§ **WHAT THE TASK ASKS**: Filter the entries down to the lines containing "Шкатулка", and copy those lines.
GIVEN ENTRIES: Begin
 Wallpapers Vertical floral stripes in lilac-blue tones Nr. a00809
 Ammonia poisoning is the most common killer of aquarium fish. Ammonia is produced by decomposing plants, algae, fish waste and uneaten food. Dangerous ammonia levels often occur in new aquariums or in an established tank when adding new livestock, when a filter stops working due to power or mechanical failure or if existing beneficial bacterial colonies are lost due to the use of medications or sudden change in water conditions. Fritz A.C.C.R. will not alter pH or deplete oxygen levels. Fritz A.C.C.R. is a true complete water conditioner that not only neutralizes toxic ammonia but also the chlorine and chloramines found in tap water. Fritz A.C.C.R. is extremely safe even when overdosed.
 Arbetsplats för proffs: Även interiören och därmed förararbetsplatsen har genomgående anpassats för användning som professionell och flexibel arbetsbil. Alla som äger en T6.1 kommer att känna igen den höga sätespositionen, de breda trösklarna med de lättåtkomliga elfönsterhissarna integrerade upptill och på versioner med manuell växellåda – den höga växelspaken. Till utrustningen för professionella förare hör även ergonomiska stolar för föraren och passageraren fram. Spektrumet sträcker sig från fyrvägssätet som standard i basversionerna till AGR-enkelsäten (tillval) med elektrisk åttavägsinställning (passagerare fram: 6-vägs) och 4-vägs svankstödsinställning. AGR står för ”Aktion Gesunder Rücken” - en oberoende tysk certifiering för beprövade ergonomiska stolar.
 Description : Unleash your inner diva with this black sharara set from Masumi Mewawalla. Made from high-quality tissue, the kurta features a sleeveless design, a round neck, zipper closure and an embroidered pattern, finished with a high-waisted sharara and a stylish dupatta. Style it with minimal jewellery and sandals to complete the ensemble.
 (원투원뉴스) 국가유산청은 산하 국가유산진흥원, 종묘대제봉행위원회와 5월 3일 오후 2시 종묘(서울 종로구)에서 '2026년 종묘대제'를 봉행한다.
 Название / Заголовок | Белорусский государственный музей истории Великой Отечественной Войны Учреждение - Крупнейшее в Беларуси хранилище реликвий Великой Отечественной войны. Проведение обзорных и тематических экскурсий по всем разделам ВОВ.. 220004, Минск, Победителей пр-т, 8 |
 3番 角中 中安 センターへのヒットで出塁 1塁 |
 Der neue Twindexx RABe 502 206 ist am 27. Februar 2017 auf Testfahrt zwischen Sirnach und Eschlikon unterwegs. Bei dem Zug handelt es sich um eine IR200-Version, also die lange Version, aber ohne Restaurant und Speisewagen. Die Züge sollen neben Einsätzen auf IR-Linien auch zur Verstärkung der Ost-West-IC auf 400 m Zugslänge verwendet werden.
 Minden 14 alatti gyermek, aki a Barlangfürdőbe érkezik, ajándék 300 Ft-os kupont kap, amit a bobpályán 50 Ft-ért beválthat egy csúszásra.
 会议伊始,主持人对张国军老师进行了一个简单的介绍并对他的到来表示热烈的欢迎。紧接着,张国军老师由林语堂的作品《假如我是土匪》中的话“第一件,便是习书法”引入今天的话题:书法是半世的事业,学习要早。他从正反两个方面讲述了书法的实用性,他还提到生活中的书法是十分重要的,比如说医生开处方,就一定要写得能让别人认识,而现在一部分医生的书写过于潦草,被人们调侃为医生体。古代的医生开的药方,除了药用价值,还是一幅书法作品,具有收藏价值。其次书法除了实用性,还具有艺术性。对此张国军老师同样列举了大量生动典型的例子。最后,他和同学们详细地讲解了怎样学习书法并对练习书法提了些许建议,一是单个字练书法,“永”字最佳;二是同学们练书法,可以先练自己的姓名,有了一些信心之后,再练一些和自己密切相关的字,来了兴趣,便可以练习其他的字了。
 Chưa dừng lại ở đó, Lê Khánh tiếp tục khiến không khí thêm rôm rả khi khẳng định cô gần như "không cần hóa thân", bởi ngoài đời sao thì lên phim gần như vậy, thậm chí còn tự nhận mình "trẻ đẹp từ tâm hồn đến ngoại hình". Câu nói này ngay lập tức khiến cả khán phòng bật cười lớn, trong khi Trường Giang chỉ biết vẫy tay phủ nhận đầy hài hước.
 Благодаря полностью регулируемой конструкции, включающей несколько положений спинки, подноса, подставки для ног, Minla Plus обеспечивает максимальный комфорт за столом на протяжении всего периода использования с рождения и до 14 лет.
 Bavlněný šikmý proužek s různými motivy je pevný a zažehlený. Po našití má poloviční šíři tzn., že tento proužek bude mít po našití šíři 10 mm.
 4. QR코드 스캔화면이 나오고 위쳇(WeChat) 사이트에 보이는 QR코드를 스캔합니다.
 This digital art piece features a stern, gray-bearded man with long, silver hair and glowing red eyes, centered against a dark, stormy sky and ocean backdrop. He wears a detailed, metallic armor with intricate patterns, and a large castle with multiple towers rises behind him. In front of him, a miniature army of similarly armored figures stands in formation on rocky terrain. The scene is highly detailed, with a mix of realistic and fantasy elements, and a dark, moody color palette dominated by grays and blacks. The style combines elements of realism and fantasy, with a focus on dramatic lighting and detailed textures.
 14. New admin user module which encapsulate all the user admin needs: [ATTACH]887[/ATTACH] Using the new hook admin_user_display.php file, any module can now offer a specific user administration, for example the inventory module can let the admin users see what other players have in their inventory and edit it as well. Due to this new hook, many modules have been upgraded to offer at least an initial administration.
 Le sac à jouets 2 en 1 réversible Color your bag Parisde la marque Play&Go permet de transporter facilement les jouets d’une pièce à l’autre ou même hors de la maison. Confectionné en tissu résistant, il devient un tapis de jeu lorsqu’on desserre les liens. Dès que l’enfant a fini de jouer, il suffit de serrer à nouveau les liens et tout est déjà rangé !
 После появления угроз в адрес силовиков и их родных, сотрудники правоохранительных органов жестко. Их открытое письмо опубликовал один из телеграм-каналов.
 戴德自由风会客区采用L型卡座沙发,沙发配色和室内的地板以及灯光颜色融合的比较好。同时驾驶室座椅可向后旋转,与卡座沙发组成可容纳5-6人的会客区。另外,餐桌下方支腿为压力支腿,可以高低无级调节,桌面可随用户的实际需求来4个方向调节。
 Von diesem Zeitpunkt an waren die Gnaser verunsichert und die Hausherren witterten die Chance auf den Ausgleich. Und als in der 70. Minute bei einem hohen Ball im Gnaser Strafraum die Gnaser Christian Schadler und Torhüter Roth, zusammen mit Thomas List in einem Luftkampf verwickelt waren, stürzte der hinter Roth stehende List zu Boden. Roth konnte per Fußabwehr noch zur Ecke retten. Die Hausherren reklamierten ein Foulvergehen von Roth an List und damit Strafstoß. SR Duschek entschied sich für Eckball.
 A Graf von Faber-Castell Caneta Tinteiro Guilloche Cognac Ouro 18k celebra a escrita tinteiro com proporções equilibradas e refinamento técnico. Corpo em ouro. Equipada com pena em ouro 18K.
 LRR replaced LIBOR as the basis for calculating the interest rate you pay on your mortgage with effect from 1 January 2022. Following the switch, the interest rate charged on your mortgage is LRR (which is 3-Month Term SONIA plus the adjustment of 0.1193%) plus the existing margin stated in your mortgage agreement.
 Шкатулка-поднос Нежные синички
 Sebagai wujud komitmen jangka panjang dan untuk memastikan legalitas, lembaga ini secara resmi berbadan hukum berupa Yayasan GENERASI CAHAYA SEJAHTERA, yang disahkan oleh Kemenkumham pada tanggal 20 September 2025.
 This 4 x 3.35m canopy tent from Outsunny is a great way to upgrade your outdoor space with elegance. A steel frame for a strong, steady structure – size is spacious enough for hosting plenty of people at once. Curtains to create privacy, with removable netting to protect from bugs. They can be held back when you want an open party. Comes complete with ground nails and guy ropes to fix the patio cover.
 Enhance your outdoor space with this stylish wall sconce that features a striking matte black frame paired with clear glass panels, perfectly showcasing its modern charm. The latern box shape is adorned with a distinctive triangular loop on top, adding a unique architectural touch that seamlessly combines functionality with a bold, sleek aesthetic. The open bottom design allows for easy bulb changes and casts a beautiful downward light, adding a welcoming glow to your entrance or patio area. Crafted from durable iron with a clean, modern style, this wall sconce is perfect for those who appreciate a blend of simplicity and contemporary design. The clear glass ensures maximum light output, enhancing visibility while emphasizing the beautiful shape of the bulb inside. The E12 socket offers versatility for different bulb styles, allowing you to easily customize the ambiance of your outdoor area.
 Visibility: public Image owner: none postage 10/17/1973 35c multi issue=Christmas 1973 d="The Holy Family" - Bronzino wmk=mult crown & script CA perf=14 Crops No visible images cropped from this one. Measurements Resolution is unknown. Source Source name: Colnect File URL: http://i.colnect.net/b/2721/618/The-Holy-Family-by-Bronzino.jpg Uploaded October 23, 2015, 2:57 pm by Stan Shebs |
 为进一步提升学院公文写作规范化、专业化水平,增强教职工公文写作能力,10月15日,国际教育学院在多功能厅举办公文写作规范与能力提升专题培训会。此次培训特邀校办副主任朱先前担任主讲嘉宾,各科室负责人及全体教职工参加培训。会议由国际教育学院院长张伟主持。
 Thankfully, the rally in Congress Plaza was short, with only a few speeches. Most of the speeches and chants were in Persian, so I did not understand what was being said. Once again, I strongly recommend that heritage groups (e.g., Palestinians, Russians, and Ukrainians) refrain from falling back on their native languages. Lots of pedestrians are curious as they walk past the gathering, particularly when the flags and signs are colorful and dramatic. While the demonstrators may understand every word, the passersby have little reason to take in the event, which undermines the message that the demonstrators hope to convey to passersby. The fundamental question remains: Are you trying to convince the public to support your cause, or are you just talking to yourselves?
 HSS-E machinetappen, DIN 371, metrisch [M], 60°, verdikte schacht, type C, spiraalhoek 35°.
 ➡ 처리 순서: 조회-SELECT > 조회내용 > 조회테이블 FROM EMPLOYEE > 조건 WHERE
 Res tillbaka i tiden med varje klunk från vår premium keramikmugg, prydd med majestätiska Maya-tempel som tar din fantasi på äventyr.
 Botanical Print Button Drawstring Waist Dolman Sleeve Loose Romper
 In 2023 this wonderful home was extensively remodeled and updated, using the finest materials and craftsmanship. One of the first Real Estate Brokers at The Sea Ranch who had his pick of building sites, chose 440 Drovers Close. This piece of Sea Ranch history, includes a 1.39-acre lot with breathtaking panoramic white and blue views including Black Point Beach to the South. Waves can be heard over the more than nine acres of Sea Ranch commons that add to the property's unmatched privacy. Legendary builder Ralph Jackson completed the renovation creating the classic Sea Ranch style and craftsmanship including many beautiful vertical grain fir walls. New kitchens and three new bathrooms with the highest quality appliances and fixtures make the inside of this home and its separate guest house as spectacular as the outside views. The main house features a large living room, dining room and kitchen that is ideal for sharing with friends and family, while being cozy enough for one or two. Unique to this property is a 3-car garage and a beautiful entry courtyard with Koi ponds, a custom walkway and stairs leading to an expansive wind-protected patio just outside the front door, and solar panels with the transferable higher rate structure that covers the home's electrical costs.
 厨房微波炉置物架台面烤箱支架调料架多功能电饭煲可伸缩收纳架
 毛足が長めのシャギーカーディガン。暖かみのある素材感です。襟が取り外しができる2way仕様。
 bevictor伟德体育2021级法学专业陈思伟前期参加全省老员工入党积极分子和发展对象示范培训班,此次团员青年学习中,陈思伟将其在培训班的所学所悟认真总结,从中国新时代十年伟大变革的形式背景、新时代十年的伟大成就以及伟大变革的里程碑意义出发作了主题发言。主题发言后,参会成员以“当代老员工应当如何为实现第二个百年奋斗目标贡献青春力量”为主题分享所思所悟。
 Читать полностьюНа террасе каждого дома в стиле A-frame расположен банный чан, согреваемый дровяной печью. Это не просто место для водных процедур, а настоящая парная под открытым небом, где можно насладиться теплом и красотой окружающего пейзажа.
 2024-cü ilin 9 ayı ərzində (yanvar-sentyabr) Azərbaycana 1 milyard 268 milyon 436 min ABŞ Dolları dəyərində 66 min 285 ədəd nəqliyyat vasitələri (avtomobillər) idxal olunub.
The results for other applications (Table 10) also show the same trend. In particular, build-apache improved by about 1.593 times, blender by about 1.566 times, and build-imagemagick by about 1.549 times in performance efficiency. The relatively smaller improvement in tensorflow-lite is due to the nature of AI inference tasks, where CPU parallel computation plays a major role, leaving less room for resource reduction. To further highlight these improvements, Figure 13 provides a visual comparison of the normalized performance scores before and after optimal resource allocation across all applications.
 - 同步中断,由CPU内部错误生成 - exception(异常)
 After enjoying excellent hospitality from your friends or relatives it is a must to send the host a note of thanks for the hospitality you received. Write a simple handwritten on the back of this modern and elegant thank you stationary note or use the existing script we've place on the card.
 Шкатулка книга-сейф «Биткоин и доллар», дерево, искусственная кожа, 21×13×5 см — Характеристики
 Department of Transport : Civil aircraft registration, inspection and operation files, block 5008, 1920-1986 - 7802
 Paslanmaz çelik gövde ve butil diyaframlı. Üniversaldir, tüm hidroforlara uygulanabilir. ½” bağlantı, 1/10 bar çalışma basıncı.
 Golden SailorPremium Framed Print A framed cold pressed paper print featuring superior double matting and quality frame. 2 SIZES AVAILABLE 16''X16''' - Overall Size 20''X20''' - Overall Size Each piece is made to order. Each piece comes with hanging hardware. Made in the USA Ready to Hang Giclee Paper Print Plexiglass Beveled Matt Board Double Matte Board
GIVEN ENTRIES: End
§ **YOUR RESPONSE**:
 Шкатулка-поднос Нежные синички
 Шкатулка книга-сейф «Биткоин и доллар», дерево, искусственная кожа, 21×13×5 см — Характеристики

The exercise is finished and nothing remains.